Bear in mind that true intellectualism requires us to remain open to new ideas that don’t fit neatly into our current worldview.  Most people are so wholly invested in their way of thinking that no amount of evidence would suffice to disavow them of it.

-Rabbi Adam Jacobs

I hope Rabbi Jacobs will bear his own dictum in mind.  According to current statistics the average I.Q. of  ‘White’ people is a puny 100 while that of Jews is a massive 113.  So it is with some trepidation that I pit my puny average intellect against the massive average 113 I.Q. of Rabbi Jacobs.  Assuming that we both represent the average of course.   However bearing in mind what tiny David with G-d on his side did to the giant Goliath I step bravely and hopefully forth.

Rabbi Jacobs in what is apparently an assault on scientific thinking claims that most people have a faulty understanding of religious fundamentalism.  He says that some ‘ancient tome’ says the world was created 6000 terrestrial years ago.  This is true.  The ‘tome’ he refers to  is the sacred text created by Jews, the Bible,  and subscribed to by most of the last two thousand years by Europeans also.  Indeed, according to the Jewish calendar the year is 5771 meaning to be precise the age of the universe, earth and mankind.   The actual facts do not support such a theory which Rabbi Jacobs acknowledges.

Now, according to tradition among Jews, Christians and Moslems representing together some two and a half billion of those living the Bible is the actual word of G-d.  Therefore the Bible cannot be wrong and if it is by a tittle the whole edifice falls to the ground and Judaism is exposed as a pious fraud.  Sort of joke, one might say.

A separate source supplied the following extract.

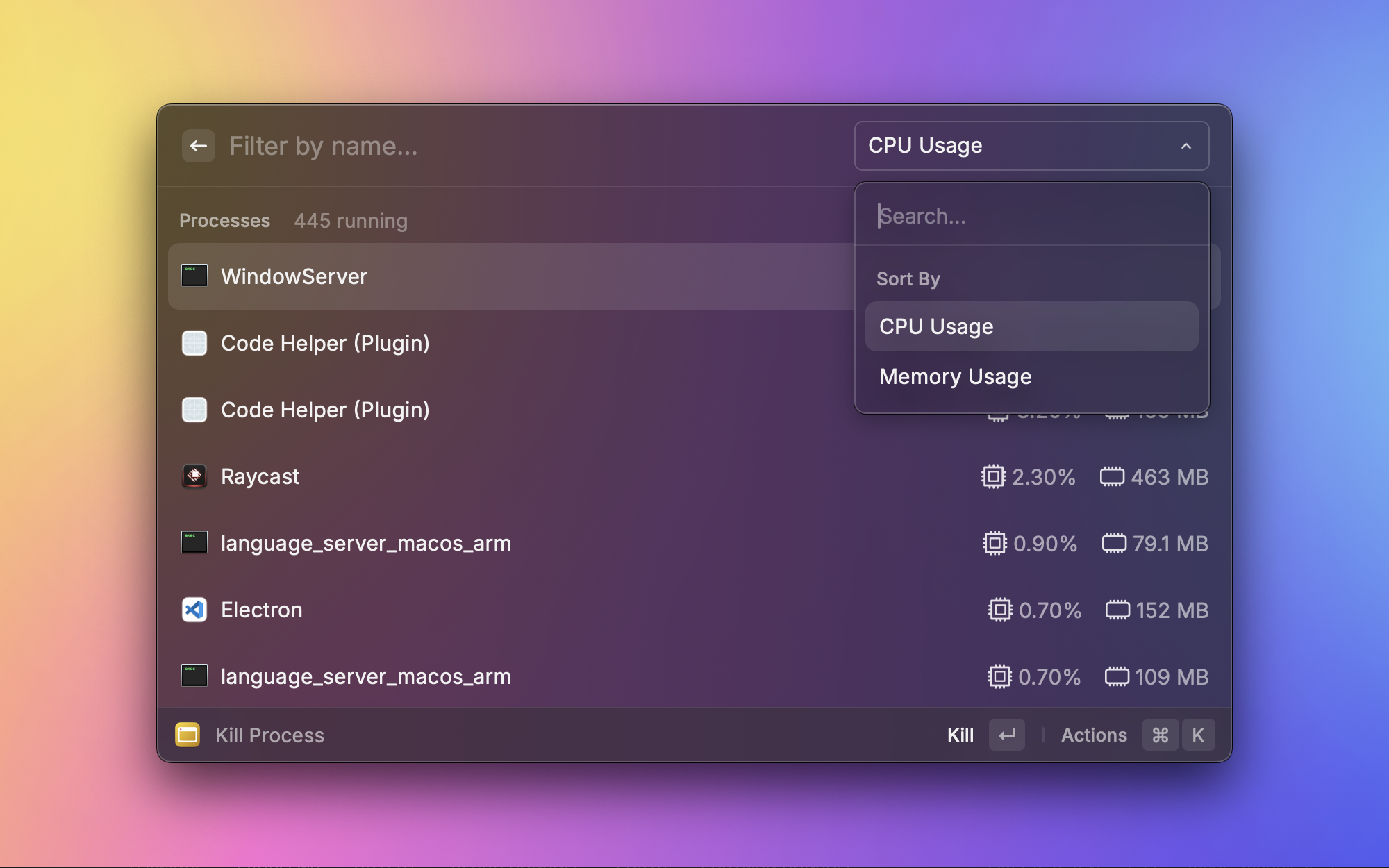 Mac 上偶尔会有进程卡死或者吃满内存的情况。Kill Process 按 CPU 或内存占用排序列出所有进程,找到问题进程一键终止。比打开活动监视器再找进程要快得多,是处理系统卡顿时的第一反应工具。
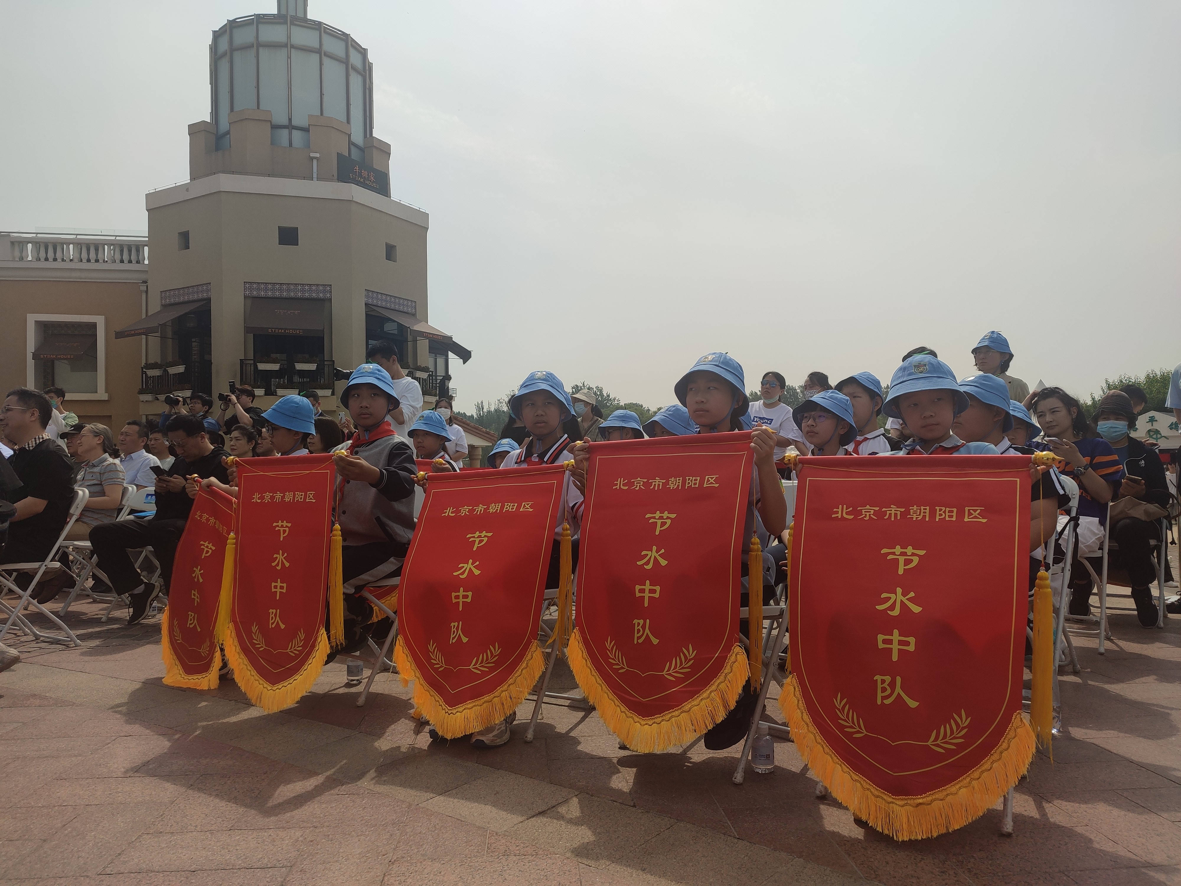 启动仪式上,来自首都师范大学朝阳金盏学校、中国教育科学研究院朝阳实验学校等学校的学生们,作为青少年积极参与节水行动、推广节水理念的代表,被授予“节水中队”旗帜。

Not to worry.  According to Rabbi Jacobs it’s all a matter of interpretation.  One can square the circle.  According to Rabbi Jacobs, some 4900 terrestrial years after the Biblical creation a

Rabbi Isaac of Akko, a disciple of the great Moses Ben Nachman (Nachmanides) and one of the foremost Kabbalists of his generation, wrote some surprising commentary regarding the age of the universe.  In his work “the Trove of Life,” he explains that the earth was actually 42,000 years old when Adam was created and that those are “divine” years and should not be thought of as 365 regular days.  Rather, a divine year is 1000 times longer or 365,250 years.  He based this on a verse in Psalm 90 that says “1000 years in your eyes is like a day gone by.”  Do the math.  According to Rabbi Isaac, the universe is 42,000 x 365,250 or 15,340,500,000 years old.

In the first place the Kabbala is more nonsensical than the Old Testament and not so holy.  Secondly, to my shame I was brought up a Christian although to my credit I abandoned that shameful faith based on the Jewish religion.  I am still subject to a ‘White’ I.Q. and I apologetically note that the Christians, who are nowhere near as bright as the Jews, interpreted that passage to mean 6 x 1000 or six thousand years which nearly squares with the Jewish calendar.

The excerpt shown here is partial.